I've noticed Talbots (NYSE:TLB) stock often seems to have some pretty adamant fans among Foolish readers. However, there may be one less reason for loyalty.

Talbots has had to cut workers and benefits as it struggles to keep the ship afloat in the dire economy. (And of course, Talbots' business struggled even before the economy went south.) However, despite all the sacrifices employees have had to make, Talbots CEO Trudy Sullivan will receive $1.2 million to offset recent reductions in her retirement benefits. Granted, this was part of her 2007 employment agreement, but somehow I doubt this kind of thing goes over well with a workforce that’s been beset by layoffs and benefit reductions as the company tries to save money.

Despite Talbots' long struggles, Sullivan is fairly generously compensated in the first place. In 2008, she made in total $5.7 million, with a base salary of $1 million. Last year, her base salary was $500,000, but she received a $1 million bonus, and total compensation came to a grand total of $6.9 million.

Granted, whether a CEO is "overpaid" can be a pretty subjective opinion. Many companies use "peer groups" to help determine pay, and Talbots' peer group includes some similar companies (Chico's (NYSE:CHS), Coldwater Creek (NASDAQ:CWTR), Ann Taylor (NYSE:ANN)) as well as some you could argue are rather dissimilar in terms of size or product (Tiffany (NYSE:TIF), Macy's (NYSE:M)). Peer groups can definitely subvert the idea of pay for performance, instead hoping investors focus on competitive compensation practices in the marketplace.

Many of us would rather see more emphasis on pay for performance, though, and the fact that Talbots has been seriously struggling for ages is enough to make one wonder about millions in pay and perks for its chief executive officer, including this latest perk. Plus, we're talking about longtime malaise in its business; a glance at its five-year chart illustrates the ugly tale.

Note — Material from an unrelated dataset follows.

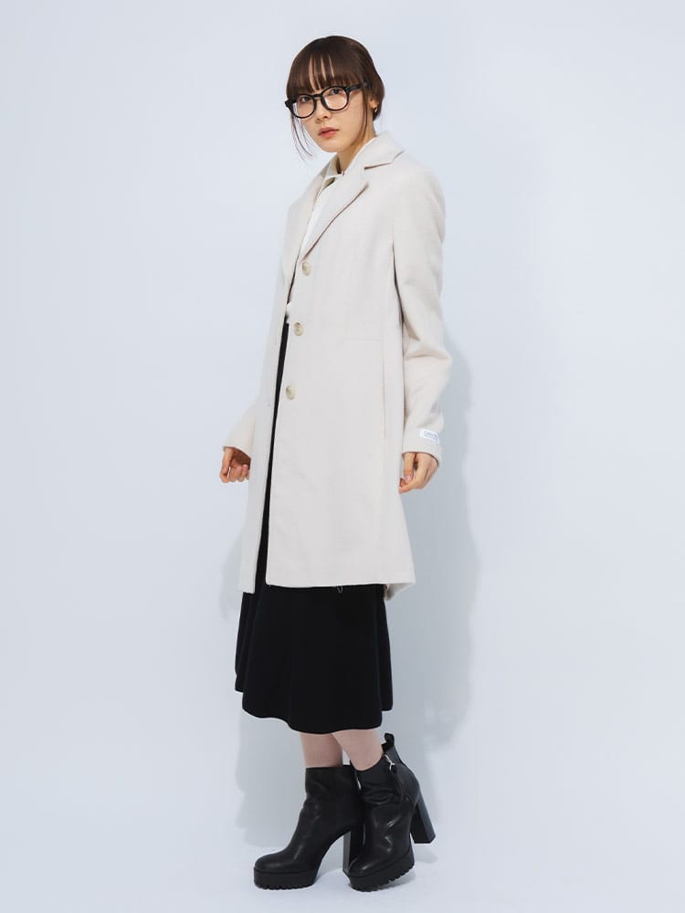 洗練されたデザインが魅力のウール混シングルコートです。上質なウール混素材を使用し、保温性も抜群。すっきりとしたシルエットで、様々なスタイルに合わせやすいのが特徴です。ビジネスシーンからカジュアルな場面まで幅広く活躍する一品です。

In these painful times, it would be nice to see more corporate executives make sacrifices similar to the ones their employees are forced to make; I may be picking on Talbots, but I also picked on Starbucks (NASDAQ:SBUX), a stock I own, for similar reasons. There's always a point where corporate boards and managements can ponder doing the right thing. Furthermore, shareholders should wonder why companies with dwindling profitability (or in Talbots' case, no annual profitability for years running) continue to richly compensate executives for jobs not so well done.